The show premiered on 21 July 1990 and initially ran until 23 December 2006. It was produced by Granada for ITV and originally presented by Leslie Crowther. Matthew Kelly took over in May 1993, before he was replaced by Cat Deeley in April 2004. An Elvis Presley special hosted by Russ Abbot aired in January 1993, as well as 2003 specials hosted by Davina McCall. A number of celebrity specials and a children's spin-off series were also aired during the original run.

A six-part revival hosted by Harry Hill aired from 10 January 2015 to 14 February 2015, but it was later axed by ITV due to low ratings and poor reviews. In 2022, ITV aired Starstruck, a similar format which was described by some media outlets as a revived and reformatted version of Stars in Their Eyes.

==History==
A series of non-televised pilots were filmed in 1989 hosted by Chris Tarrant. However, in February 1990, Leslie Crowther was chosen as the host of the show which began airing on 21 July 1990. Crowther hosted the first three series, and a Christmas Special in 1991. At the time of his car accident in October 1992, he was booked to record an Elvis Presley special (which was later hosted by Russ Abbot) and a fourth series (later hosted by Matthew Kelly) in 1993.

It then became clear that Crowther would not be able to return. He announced his retirement from showbusiness in November 1994 and died two years later. Therefore, Kelly hosted the show until the live grand final of the 15th series on 13 March 2004. Kelly announced a few days earlier that he would quit the show in order to pursue his acting career full-time. Kelly also hosted the 2001 pilot episode, and first series of the kids version in 2002.

In January 2003, Kelly was arrested by police over allegations of child sex abuse resulting in Davina McCall temporarily guest hosting the show for three celebrity specials that were broadcast the following month. Kelly returned after the charges were dropped.

Cat Deeley, who previously took over as host of the kids' version in 2003, was Kelly's replacement for the final adult series in 2005. Deeley also hosted several celebrity specials in 2004. In June 2006, ITV denied reports that the series was facing the axe although admitted that the future of the show was being discussed. Deeley hosted the show until its final episode in December 2006; the show was then axed by ITV.

The most impersonated stars are Dolly Parton, Elvis Presley, Cher, George Michael, Celine Dion, Kylie Minogue and Madonna.

===2015 revival===
Harry Hill took over as host on 10 January 2015, with all episodes pre-recorded and the winner of each show again voted for by the studio audience.

The revival proved divisive – fans of the original format were critical of it, saying that Harry Hill had made the show about him rather than the contestants; while others acknowledged that the revival was a post-modern parody of the original, with its knowing ridicule of talent show cliches such as terrible performances being overpraised, and the actions of the presenter receiving high editorial focus to distract from the outdated performance element being thinly stretched.
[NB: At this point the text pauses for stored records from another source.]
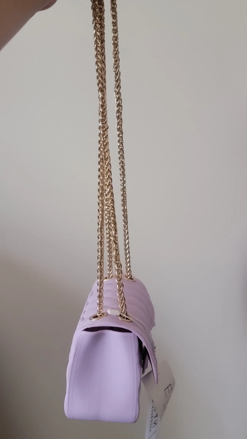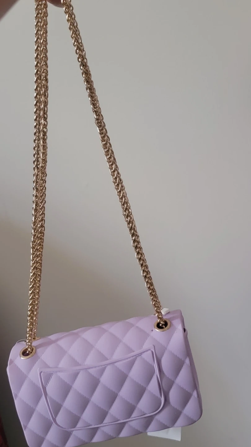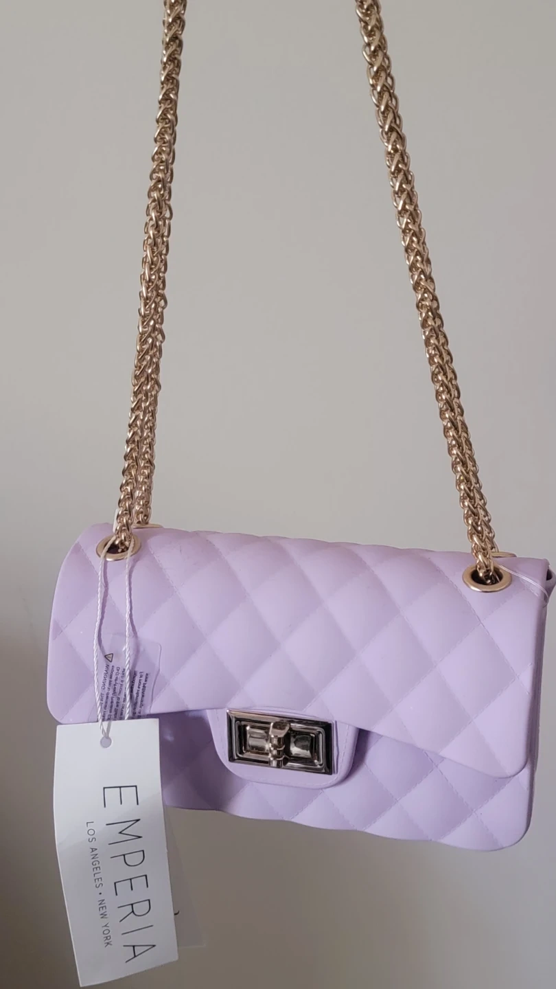 This Emperia handbag is a stylish lavender colour and made from jelly material. It has a quilted design with a gold chain strap and a secure clasp closure. It's perfect for adding a pop of colour to any outfit!
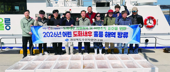 경북도 수산자원연구원은 수산자원 회복과 어업인 소득 증대를 위해 동해안의 대표적 고부가가치 품종인 ‘독도새우’ 15만 마리를 16일 울릉 해역에 방류했다고 밝혔다. 이어 이달 말에는 울진 왕돌초 해역에 20만 마리를 추가로 방류할 계획이다.[경북도 수산자원연구원 제공]
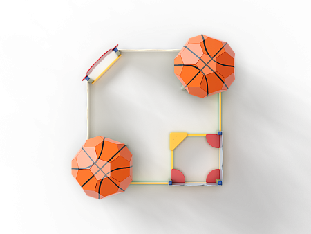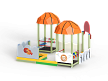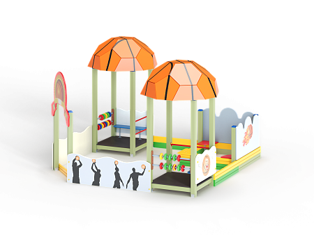 Песочный дворик – модульная конструкция из игровых и развивающих элементов с художественным оформлением в баскетбольной тематике. Конструкция оборудована двумя башнями беседками, одной аркой, песочницей, ограждением по периметру из деревянного бруса и фанеры с художественным оформлением. Башни беседки оборудованы крышами в виде половинок баскетбольного мяча, металлическими перекладинами, фанерным ограждением, детскими счетами с пластиковыми бубликами и сидением. Песочница с четырьмя фанерными накладками и декоративным фанерным ограждением в наружном углу.
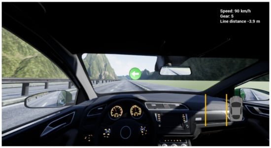 The scenario relies on a long highway loop, which takes approximately 15 to 25 min to pass through (depending on the maximum velocity set on the vehicle). The only task is to complete the ride multiple times while attempting to stay in the same lane; if the car deviates excessively from the lane, a visual warning appears (as seen in Figure 5 in form of car deviating from the lane), urging the driver to manage the situation. Such a configuration simulates a long highway drive, in which fatigue and drowsiness are highly probable.

Each episode features Harry being pursued by Adele (really a look-alike) for being in possession of her baby and she would comically chase him until she got the baby back.

In April 2015, it was announced that due to poor viewing figures, ITV would not be renewing the show for another series, and it was axed.

==Format==
Stars in Their Eyes is a talent show where contestants get the chance to appear and sing live as a famous singer. The show is most importantly a 'soundalike' show, but they are also dressed up to look as close as possible to the singer they are impersonating, often with wigs and heavy makeup. Each contestant would walk through 'smokey' doors before instantly reappearing dressed up as their chosen star.

===Heats===
The contestants appear firstly as themselves, talking briefly to the host about their lives and giving clues as to who they are going to be performing as, finishing with the now famous catchphrase 'Tonight [presenter name] I'm/We're going to be...' The contestants then disappear through the equally famous doors and reappear as the famous singer/singers they are going to impersonate, seemingly instantly.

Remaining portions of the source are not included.